▶ _How to complete this task_
Set down the data below in full and exactly, minus the pictures.

▶ _Dataset section_
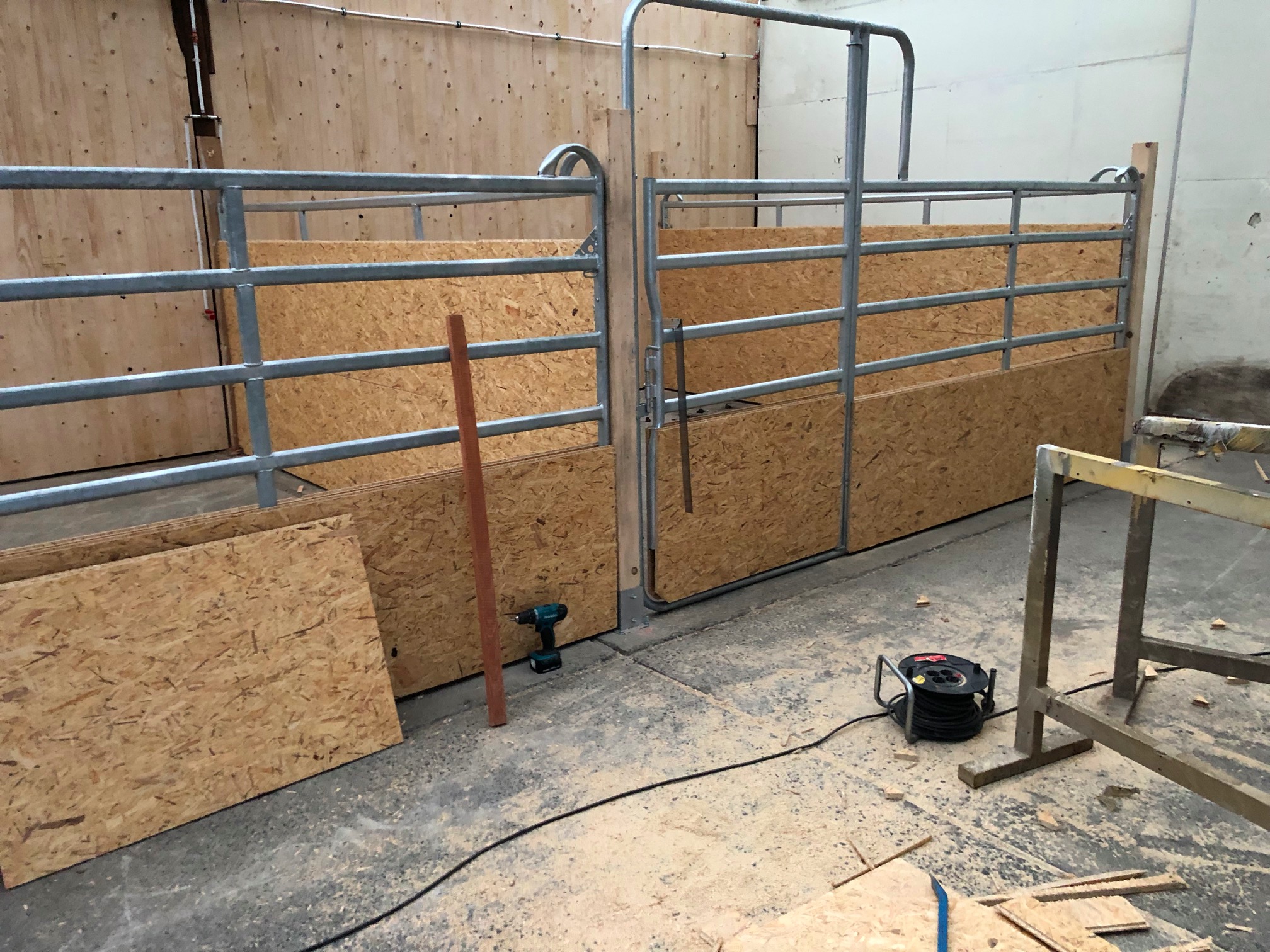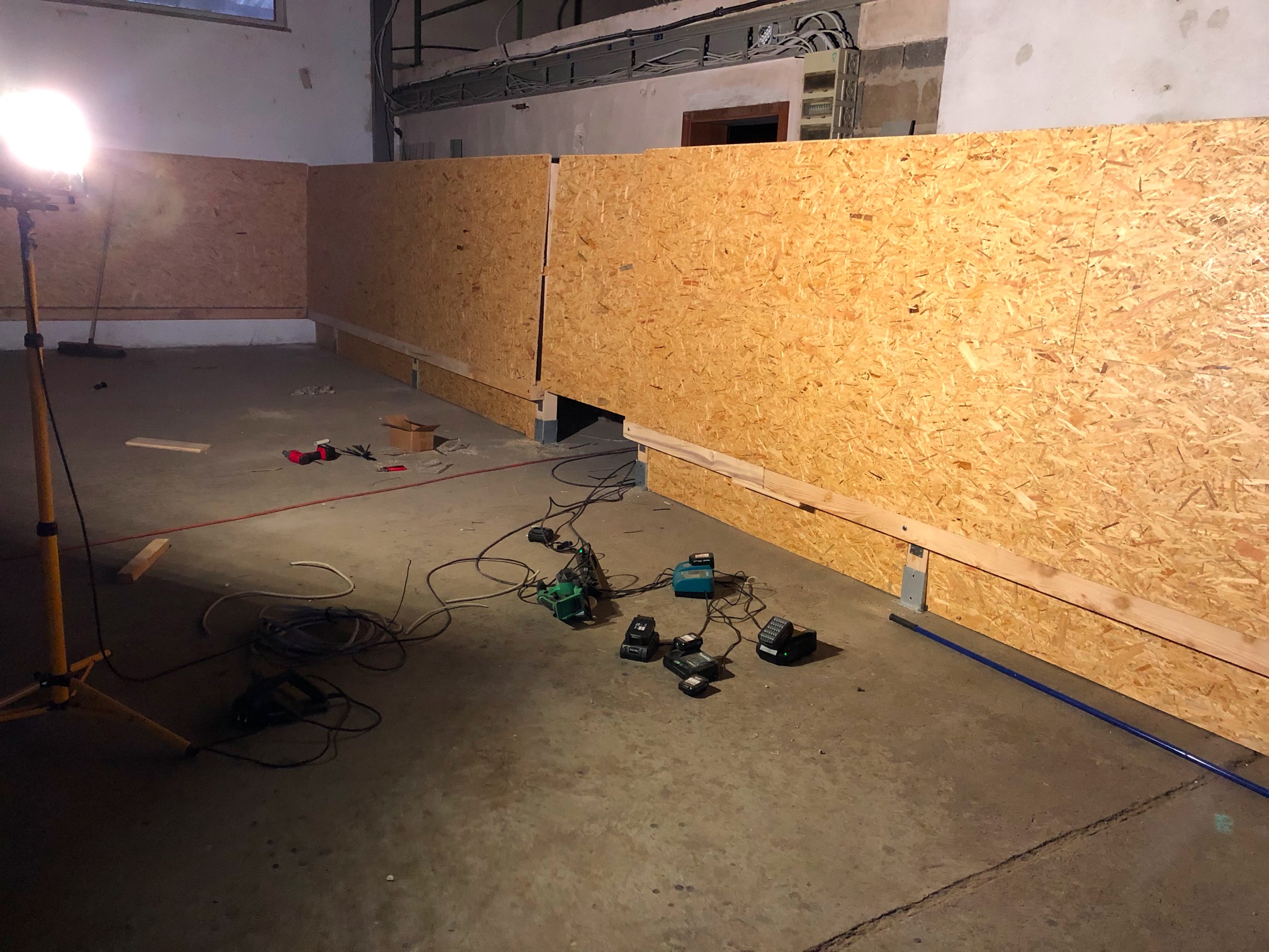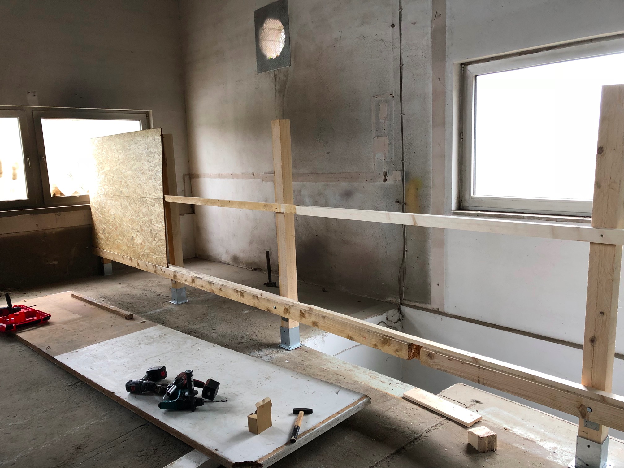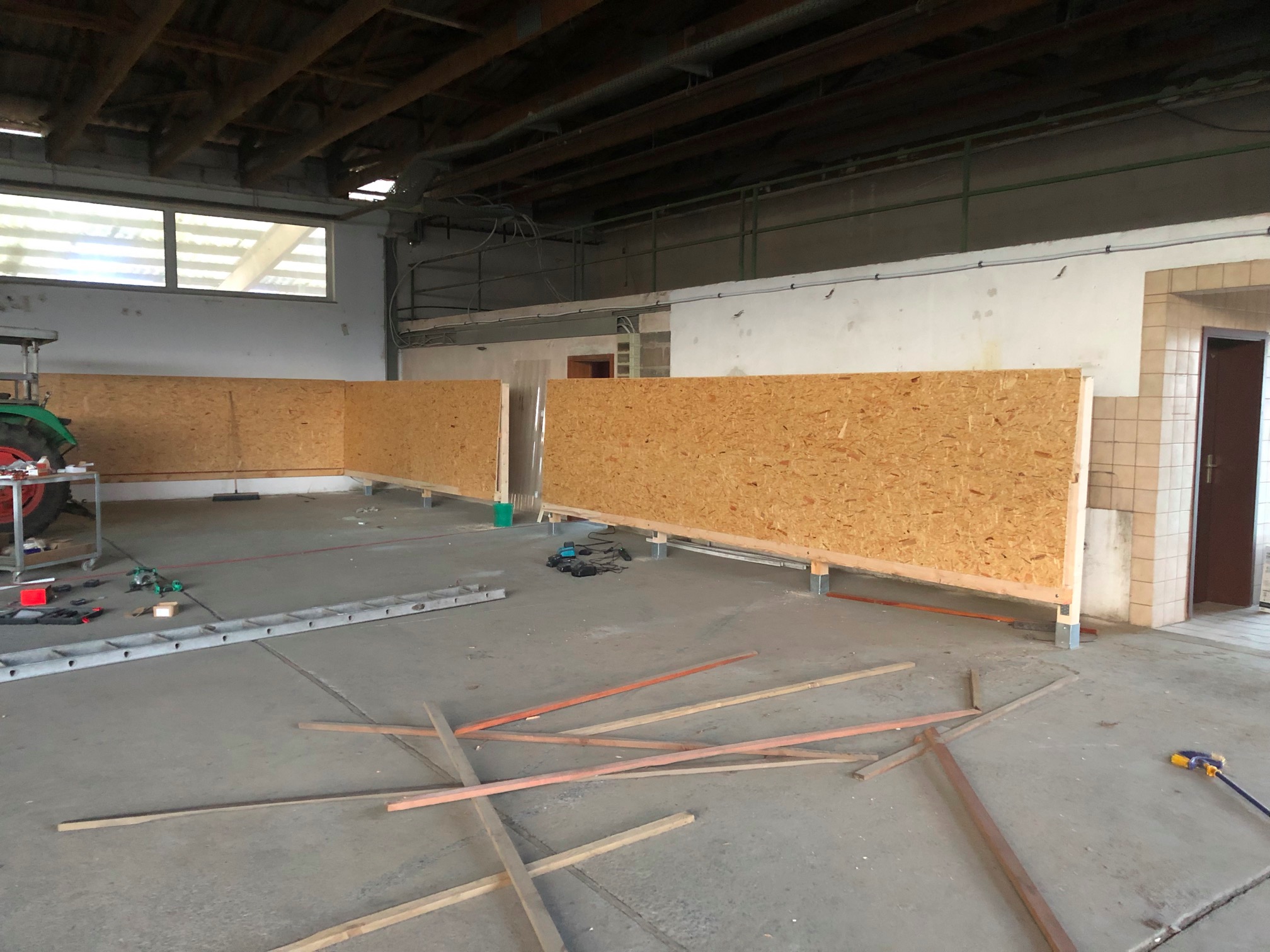 Und damit es nicht langweilig wird schon mal begonnen in der künftigen Reithalle die Bandenköpfe vorzurichten:
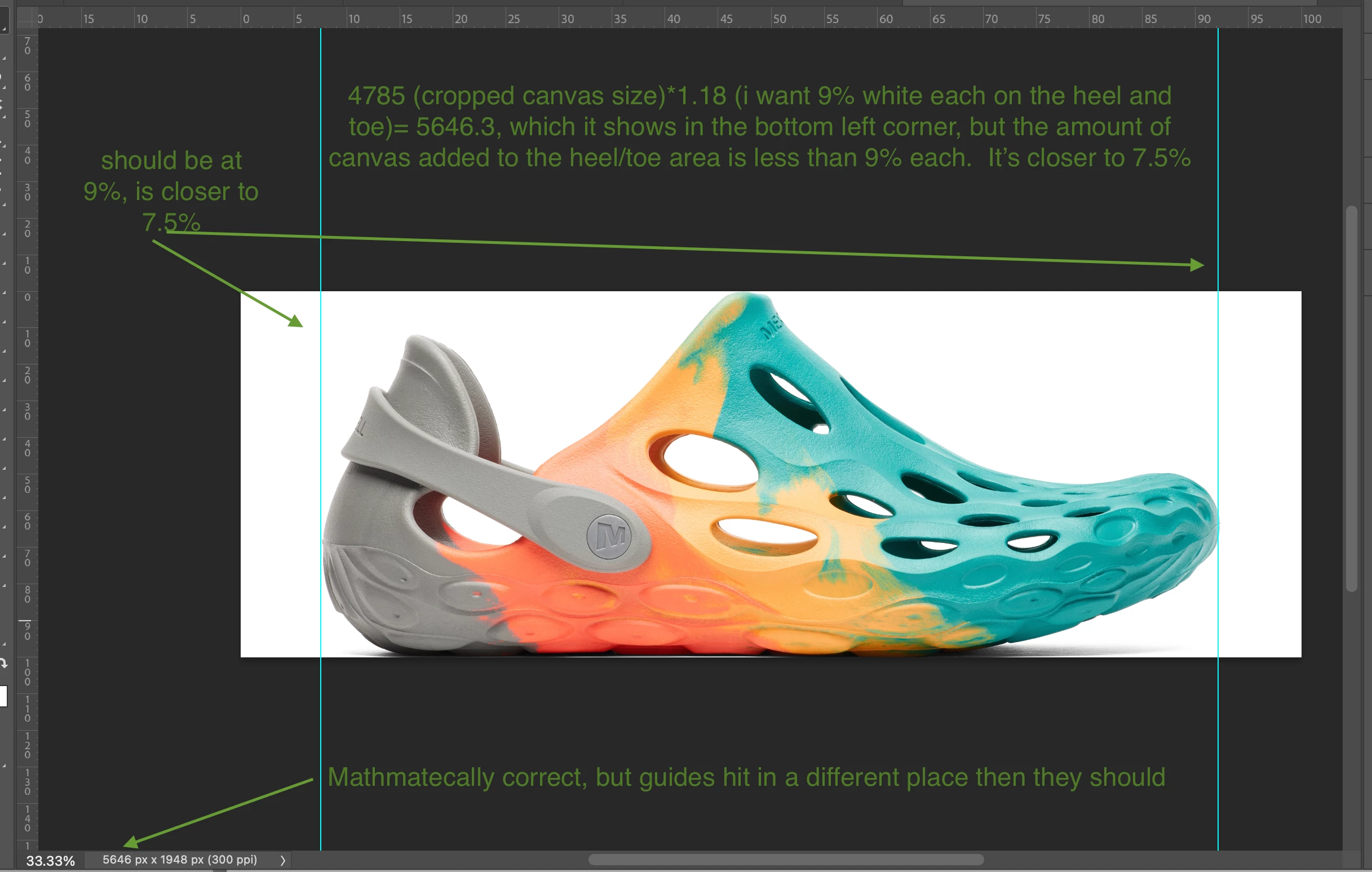 I feel like I'm crazy. I am cropping tight to a shoe, then expanding 118% so there will be 9% white margin on the heel and shoe. When i do this, either by canvas width increasing 118% or by checking the relative box and choosing 18%, I get a margin that is closer to 7.6%. If I do the math and increase it by pixel size instead, the same thing happens. The canvas size shows that it's correct, but the amount of margin that grows is incorrect. This happens on PS 24 and 23, chat was no help, fresh install did nothing either. Someone help me understand how i am doing this incorrectly.
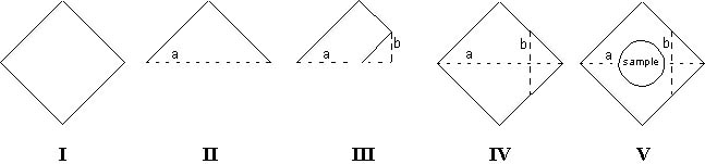 II. Fold the paper diagonally (fold a).
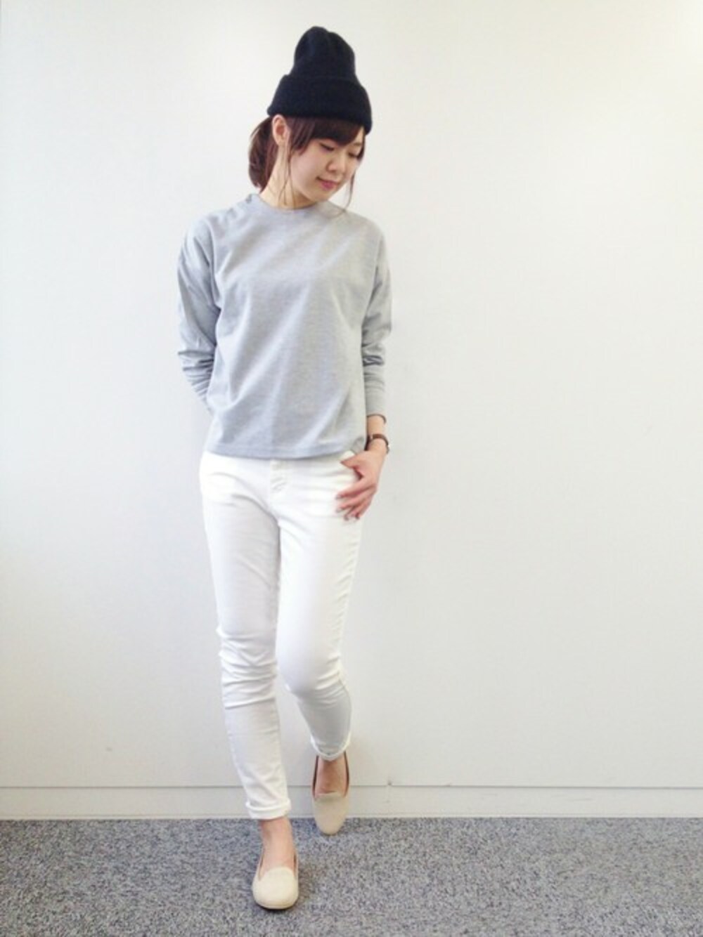 形の良いシンプルなプルオーバーは 右肩にZIP付です。 白スキニーを合わせてスッキリシンプルに。

▶ _Solution to this exercise_
 Und damit es nicht langweilig wird schon mal begonnen in der künftigen Reithalle die Bandenköpfe vorzurichten:
 I feel like I'm crazy. I am cropping tight to a shoe, then expanding 118% so there will be 9% white margin on the heel and shoe. When i do this, either by canvas width increasing 118% or by checking the relative box and choosing 18%, I get a margin that is closer to 7.6%. If I do the math and increase it by pixel size instead, the same thing happens. The canvas size shows that it's correct, but the amount of margin that grows is incorrect. This happens on PS 24 and 23, chat was no help, fresh install did nothing either. Someone help me understand how i am doing this incorrectly.
 II. Fold the paper diagonally (fold a).
 形の良いシンプルなプルオーバーは 右肩にZIP付です。 白スキニーを合わせてスッキリシンプルに。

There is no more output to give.